Faculty search frozen, other measures taken to compensate for loss
Roughly $3 million in room and board and dining costs have been refunded to Rollins students who are now participating in distance learning. This financial loss to the college strains the annual budget, causing administration to pause its search for open faculty positions and to prepare for next steps.
College Financial Loss
While President Grant Cornwell initially reported a $3 million loss, Rollins is projected to lose more money due to summer cancellations.
The cancellation of on-campus summer programs, such as the Duke TIP program, Maymester courses, and various conferences, could cost Rollins an additional $1 million, said Cornwell.
“Maymester is going to be entirely virtual, and anything else that was scheduled for the summer is going to be virtual. I’m hoping that we are fully back to campus in the fall,” said Cornwell.
The financial loss from Maymester classes comes from the potential revenue from dining plans and on-campus housing fees.
The college will not save money from the decision to carry out distance learning, since faculty are still paid the same wages for teaching courses, said Cornwell. Pay has been guaranteed to both faculty and staff through the end of this fiscal year, which ends May 31.
Plans for the Future
In order to get a diverse understanding of how to handle the budget for the following fiscal year, Cornwell has created a financial strategic planning task force made up of faculty and staff from across campus.
The task force is made up of 20 people including Dean of Students Leon Hayner, Associate Vice President of Financial Aid Steve Booker, Associate Professor Dan Chong, and Vice President for Institutional Advancement Laurie Houck. The task force is led by Ed Kania, vice president for business and finance and treasurer.
“We, like all other colleges right now, are focused on determining and projecting the potential financial impacts of COVID-19 over the next six to twelve months. This work will continue in the coming months,” said Kania.
Despite the loss in revenue, the college is still attempting to create a balanced budget by May 31, said Kania.
Into the next fiscal year, the main concerns for Rollins include securing a new freshman class that is willing and capable of paying tuition and keeping a high retention rate for returning students.
“What I’m really worried about is that so far our admissions deposits are exactly on track with last year, but this is having such a terrible blow on the economy that I am really worried about affordability for some families,” said Cornwell.
Both new and returning students are facing possible economic struggles due to COVID-19, which can make the monetary strain of paying college tuition difficult to bear.
“We want to work with families to make it possible for students to attend as first year students or persist as returning students,” said Cornwell. As of now, students are encouraged to work with staff on a case-by-case basis to discuss any financial hardships.

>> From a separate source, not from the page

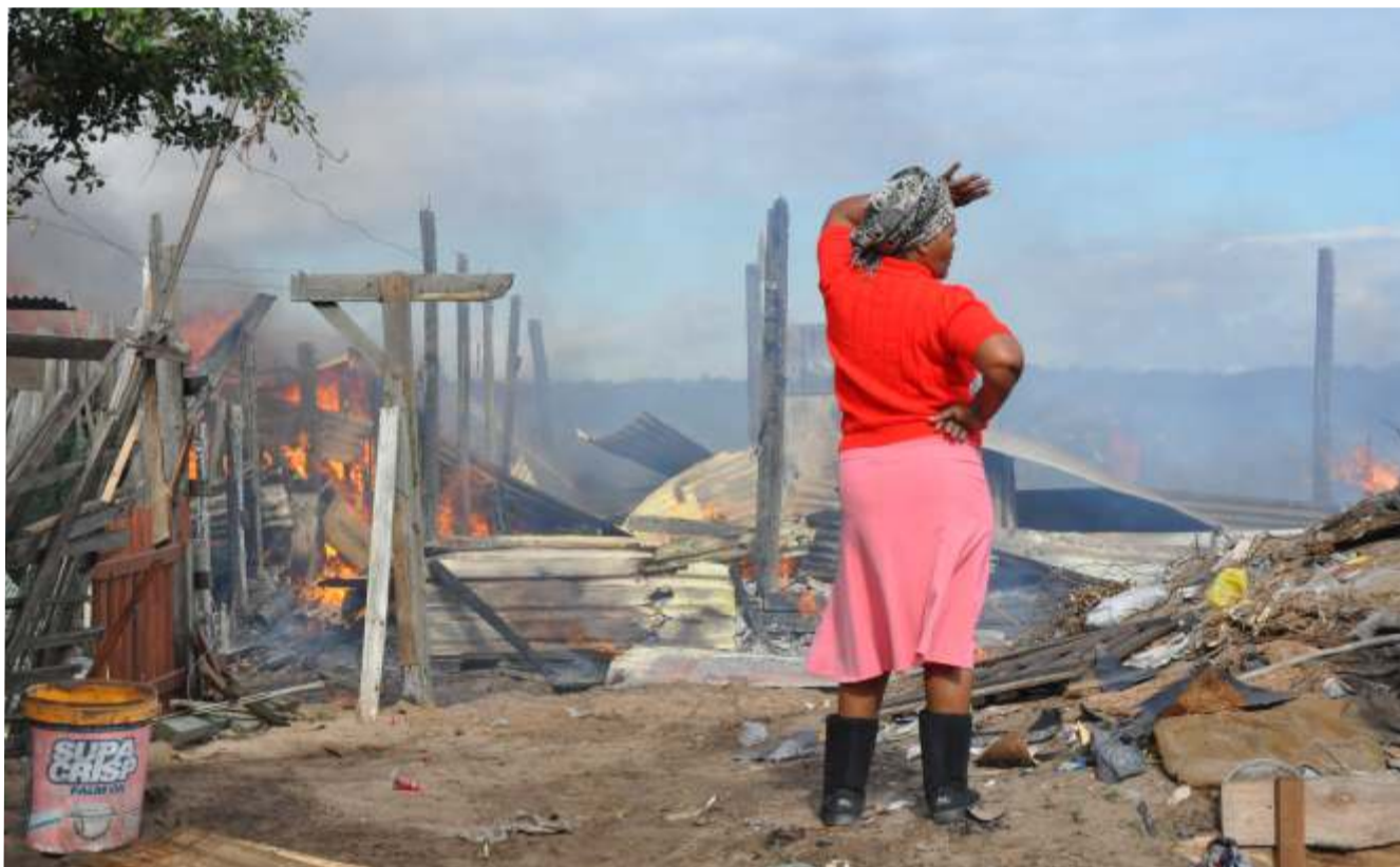
A resident looks on in dismay whilst flames leave a path of destruction in the Beverly Hills community..

Sedgefield's residents went into shock on Friday 22 July when an horrific fire gutted numerous homes in the Beverly Hills neighbourhood of Smutsville, Sedgefield. With the wind working against fire fighters, municipal staff and residents trying to assist them the blaze could not be extinguished before 17 family homes had been destroyed, affecting 58 people including 22 children. A further five homes were partly damaged.

For students concerned that their financial struggles may impede their return to Rollins, they are advised to contact Booker at email@example.com.
To help aid the loss of revenue, Rollins has temporarily halted its search for additional faculty and staff positions.
“We’ve stopped hiring, but there still may be positions that are absolutely critical to the college, and if the person leaves, we are going to [have to] replace them. But for the most part, we have completely stopped hiring,” said Cornwell.
Although pay has been guaranteed to both faculty and staff, what happens next to faculty salaries is still unknown.
“What we have to do with everybody’s salaries or earnings will be entirely contingent on our revenue stream,” said Cornwell. “The impacts will have to be exactly correlated with the loss of revenue.”